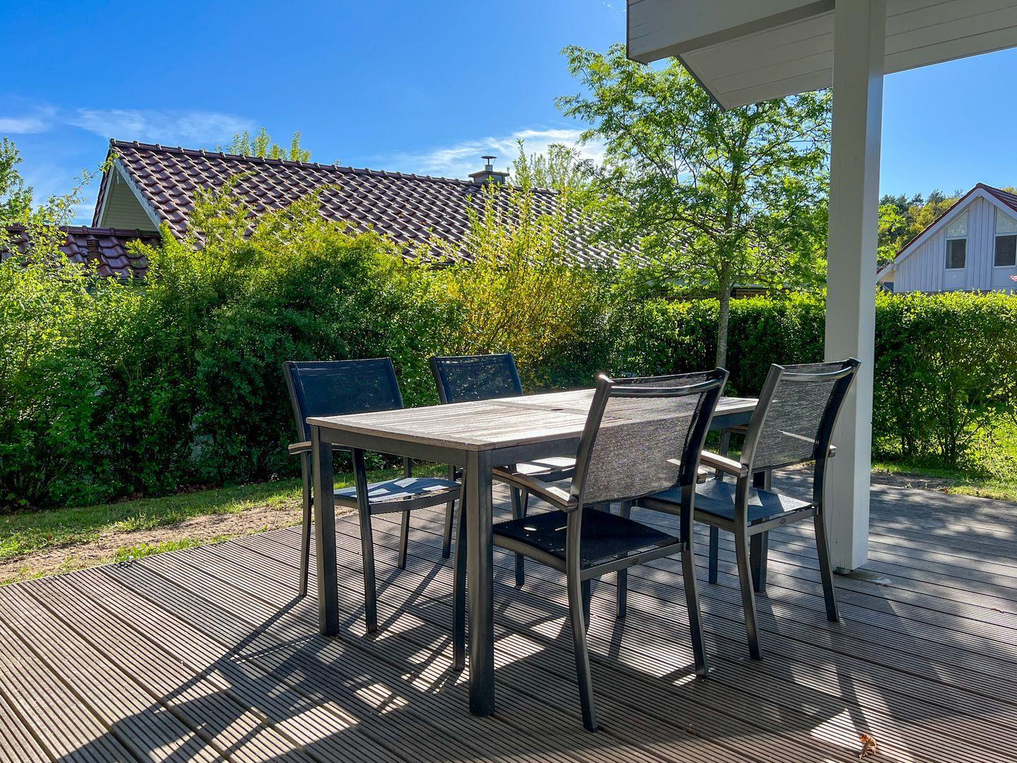 Ein Highlight des Ferienhauses ist die großzügige Terrasse, die zum Verweilen einlädt. Für Ihr privates Wellness-Erlebnis steht Ihnen eine eigene Fasssauna mit Blick in den Garten zur Verfügung – der perfekte Ort, um die Seele baumeln zu lassen.
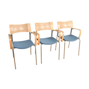 Set of Danish Bentwood & Chrome Stackable Arm Chairs
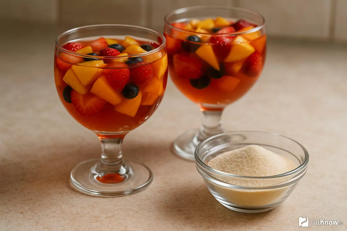 Важно: свежие ананас, папайя, киви и манго содержат ферменты, полностью разрушающие желатин. Для таких фруктов подходит только агар-агар или предварительная термическая обработка фруктов.

■ Exercise description ■
Output a faithful copy of the data, with each picture left out.

■ Response to this exercise ■
 Ein Highlight des Ferienhauses ist die großzügige Terrasse, die zum Verweilen einlädt. Für Ihr privates Wellness-Erlebnis steht Ihnen eine eigene Fasssauna mit Blick in den Garten zur Verfügung – der perfekte Ort, um die Seele baumeln zu lassen.
 Set of Danish Bentwood & Chrome Stackable Arm Chairs
 Важно: свежие ананас, папайя, киви и манго содержат ферменты, полностью разрушающие желатин. Для таких фруктов подходит только агар-агар или предварительная термическая обработка фруктов.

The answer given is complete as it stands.